In collaboration with Matt Rasband’s lab in Houston, we characterized the α-spectrin that is present along axons at the axon initial segment (AIS) and nodes of Ranvier. This work is out today as two back-to-back paper just pre-published on the Journal of Neuroscience website, here and here. Spectrins are tetramers of two α and two β subunits. It is known that the β-spectrin form at the AIS and nodes is the ßIV-spectrin since 2000, but the identity of the α subunit was unknown. In the axon, spectrins binds submembrane actin rings regularly spaced every 190 nm. As this is just below the resolution limit of conventional fluorescence microscopy (~200 nm), the resulting periodic scaffold is only visible using super-resolutive techniques such as STORM.

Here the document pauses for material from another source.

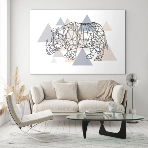 Impression sur verre - Image sur verre - Dessin géométrique d'un rhinocéros sur fond clair - 70x50cm - Structure de force - Décoration murale moderne pour le salon et la chambre ARTTOR
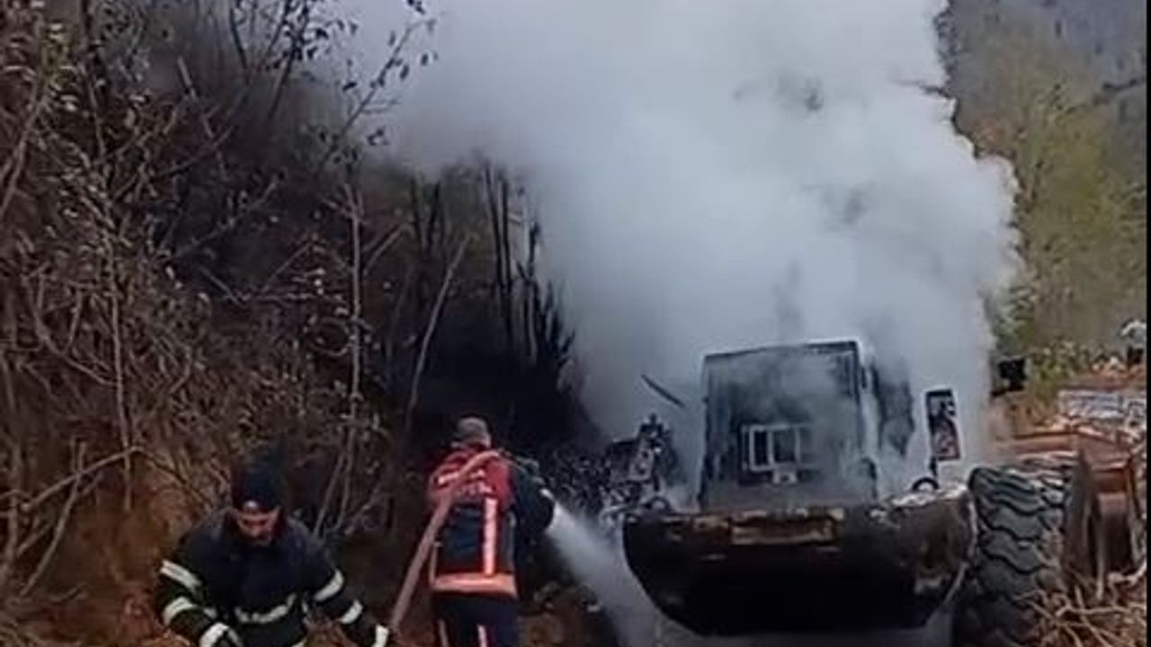 Ziya AKYILDIZ/ BORÇKA(Artvin), (DHA)- ARTVİN’in Borçka ilçesinde yol çalışması sırasında yanan iş makinesi, itfaiye ekiplerince söndürüldü. Yangın anları cep telefonu kamerasıyla görüntülendi.

The first paper: “αII spectrin forms a periodic cytoskeleton at the axon initial segment and is required for nervous system function” focuses on the identification of αII-spectrin as the ßIV-spectrin partner at the AIS, and the consequences of αII-spectrin depletion in CNS-specific knockout mice. We used super-resolution microscopy to show that αII-spectrin is integrated in the AIS periodic actin/spectrin scaffold that supports the axonal plasma membrane. With the αII-spectrin antibody we used, the periodicity is seen as double bands every 190 nm by STORM. When using 2-color DNA-PAINT to image αII-spectrin together with ßIV-spectrin, the doublet of αII-spectrin labeling appears on both sides of the ßIV-spectrin bands, resolving the organization of the spectrin tetramers in situ. We also showed by STORM that the periodic actin/spectrin complex is disorganized in αII-spectrin-depleted neurons.
The second paper: “An αII spectrin based cytoskeleton protects large diameter Myelinated axons from degeneration” focuses on αII-spectrin in the PNS and nodes of Ranvier. In C. elegans mutants, the submembrane spectrin scaffold is necessary for the mechanical resistance of axons. Here, an αII-spectrin knockout mouse specific to peripheral sensory neurons was used to demonstrate this for in a vertebrate. Using STORM, we showed that loss of αII-spectrin causes a disorganization of the periodic scaffold at and around nodes. This disorganization ultimately results in the degeneration of large-diameter peripheral axons lacking αII-spectrin.